The Queer Mysteries: Imbolc – Naming

Imbolc is also known as Candlemas, a gathering and nurturing of the lights born and kindled at Yuletide. By the light of our new awareness, we are able to view and contemplate ourselves. With a sense of our difference, our otherness, we can peer into the illuminated mirror of our identity to ask the questions: If I am different, then what am I? Who am I? What does this mean?

In between our dawning awareness and our coming out to the world, we come out to ourselves. Imbolc is the Mystery of Naming, the liminal time when we have cast aside many of the things we were taught as true about ourselves and the world but have not yet clothed ourselves in new understanding. It is the sacred skyclad moment of standing naked before the universe and the divine, to see ourselves—and more importantly, to accept ourselves—as we truly are. It is when we articulate and complete the statement “I am…” whatever that may be for us.

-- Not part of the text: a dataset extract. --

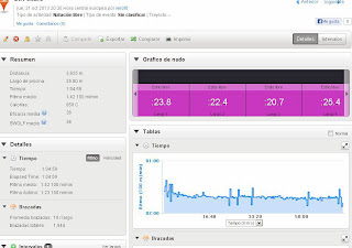 El comienzo fue brutal, gran destemple, escalofríos y mucho sueño, conforme nadaba se me cerraban los ojos, incluso llegue a golpear varias veces el bordillo de la piscina. Muy despacio pasaron los largos hasta completar los 3.800 metros en 1h 20m.

This process of self-identification is a Mystery and rite of passage experienced by all young people coming into their adulthood. Still it is a particular part of the Queer Mysteries, in which we accept (if not also embrace) our otherness, our queer identity, by identifying and naming it. As a child, I felt different from other children, especially other boys my age, for years before awakening to my sexual identity, and longer still before I realized that meant that I was gay.

For some, the Mystery of Naming leads directly to the next, but as before some of us shrink back from the truth that we have named, clutching it tightly to us, and retreating to the relative safety of the shadows from before we stepped into the light. We are like seeds, planted deep beneath the earth, waiting to see if we will sprout.